His first exposure to the Cistercian order came when he visited St. Joseph’s Abbey in Spencer, Mass. He described the abbey as feeling “like home.”

The newly professed monk’s family celebrate his happiness, left to right, his sister-in-law and brother, Sandra and Don Spera, their twin daughters, Samantha and Danielle, and his parents, Joyce and Lou Spera, next to Brother Peter Damian. (Photos courtesy of the Monastery of the Holy Spirit)

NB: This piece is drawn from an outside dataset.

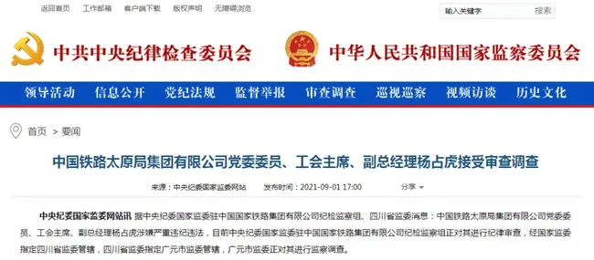 中国铁路太原局集团有限公司党委委员、工会主席、副总经理杨占虎涉嫌严重违纪违法,目前中央纪委国家监委驻中国国家铁路集团有限公司纪检监察组正对其进行纪律审查,经国家监委指定四川省监委管辖,四川省监委指定广元市监委管辖,广元市监委正对其进行监察调查。

Over the next several years, while working, he also explored monastic life, visiting Cistercian monasteries in Vina, California, and Taiwan. He entered the Conyers monastery in the late 1990s, but left for nearly eight years after making temporary vows. During that time, he lived in Atlanta and worked in retail management. Following a conversion experience, he returned to the monastery in 2009 and professed his solemn vows on Jan. 1, 2013, the solemnity of Mary, the Mother of God. The abbot of the monastery, Dom Francis Michael Stiteler celebrated the Mass. Brother Peter Damian’s parents and other family members were there, along with all the monastic community.

Within the monastery, Brother Peter Damian has served in various ways, from cooking to tending to those in the infirmary. He is now managing the Abbey Store, where monastic foods, plants, and religious books and articles are sold.

He took his religious name in honor of an 11th-century church reformer and saint. “When I was searching and looking up information on monastic life, I stumbled across a man named Peter Damian,” he said. “The more I read about him and the more I prayed,” the more he felt a connection to him, he said.

Brother Peter Damian describes St. Peter Damian as a man known for his strict and direct manner, but who “really was a man with a kind heart,” who wanted people to turn their lives over to God.

“He’s been with me all these years,” he said.